Okay. New sign. Here it is:

Tuesday, September 13, 2011

The Lady in the Scooter

I know I have made an Austin Powers reference in the past, but I couldn't help but smile to myself and again think of that silly man when I saw exactly what this title implies.

You all know this scene. In an attempt to turn his little cart around, he wedges it between the hallway walls, switching from forward to reverse gears repeatedly to move mere inches.

Well, a lady at the VA did a very similar thing. Lots of those folks have found themselves in a powered scooter for one reason or another. Some have also become quite adept at maneuvering through the hallway; others not so much. This poor lady found her self similarly wedged in the hallway, except the effective walls were patients in chairs, each fiercely protecting what toes they had left (diabetes runs rampant in the eye clinic).

So what if I chuckled? There wasn't much I could do to help.

Monday, September 12, 2011

Look Mia - A Video Tape

As residents, we make video documentation of most if not all of our cataract surgeries and anything else that may be done under the scope and worth recording. At the VA, the current recording systems use VHS tapes to record the material. I have heard a DVD system was once tried but worked miserably with poor quality. Hmm, I wonder. . .

While we could speculate all day about why that may be, that is not the point of this writing. The point is, look at those things. Finding them in the store means looking at the bottom shelf nested back in the corner somewhere. Finding a player means going into your back bedroom closet with a shovel and a trash bag. And while that just sounds like a murder scene, it's to rid yourself of other useless junk while you're at it.


She only knew that it was a tape and was probably best served by lying on the table. But that DVD? You bet she knows what to do with that.

Wednesday, September 7, 2011

The Chief Race


At the VA, we are kind of in this position where we are between real chiefs. We have had acting chiefs, or people working in the chief position though not officially named. The way I have seen it, there seems to be two people currently in contention for the spot. The reality is, I didn't think either of these two people would have wanted such a thing; one has a few very little ones at home to help tend to, and the other seems to get way too stressed out over the little things.

Regardless, the VA now has a new surgery chief. Which means the decision process has only just begun - even if it already had several months before with the interim chief. Each of our two candidates serves as an ophthalmology chief for a period of time. Then it seems a winner will be chosen by the surgery chief. It almost seems like a season of Survivor.

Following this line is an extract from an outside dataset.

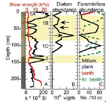 Brachfeld Original Caption: Figure 2. Digital photograph of KC23 and downcore profiles. [KC23 is furthest offshore.] A: Magnetic susceptibility and shear strength. B:Millions of diatom valves per gram of dry sediment. Arrows denote Corethron ooze layers. C: Foraminifera per20 cm3 sediment. Miliammina spp. (Milam.) and arenaceous benthics (Ar. benth) dominate KC23 profile. Calcareous benthics (benth) and planktics (plank) are restricted to Unit 1a.

I haven't been asked to be on a tribal council yet, but I'm sure it's coming. Look for us on the next VATV Morning Edition.

Monday, September 5, 2011

The Value of Patient Positioning


I should first point out the fact that though I have rotated over the childrens hospital as of September first, I often have a backlog of blog entries to write. I have been averaging in the range of twenty at any given time. And since I have only been averaging about fifteen posts a month for the last three or so, well, you do the math.

One of my biggest mantras has always been about the importance of proper patient positioning during surgery or a procedure. Firstly, we do a lot of our surgeries on patients are still awake, perhaps just a little sedated. Of course, I do want to go into oculoplastics where there are more patients who are put under general anesthesia. At any rate, you want them to be comfortable so that they can lie there still for a good period of time.

Secondly, the person doing the surgery has to be comfortable. Imagine trying to do an entire surgical case straining your neck to see through the microscope or hunched over because the bed is too low to the ground. These situations make for a very unhappy surgeon at the end of the day and may even cause chronic back and neck problems.

So if there is one thing I always tell to people when I am teaching is to get everything set up so that everyone is comfortable FIRST, then you may proceed. And this goes for everything form an exam at the slit lamp to putting in a central line to doing an 18-hour muscle flap procedure.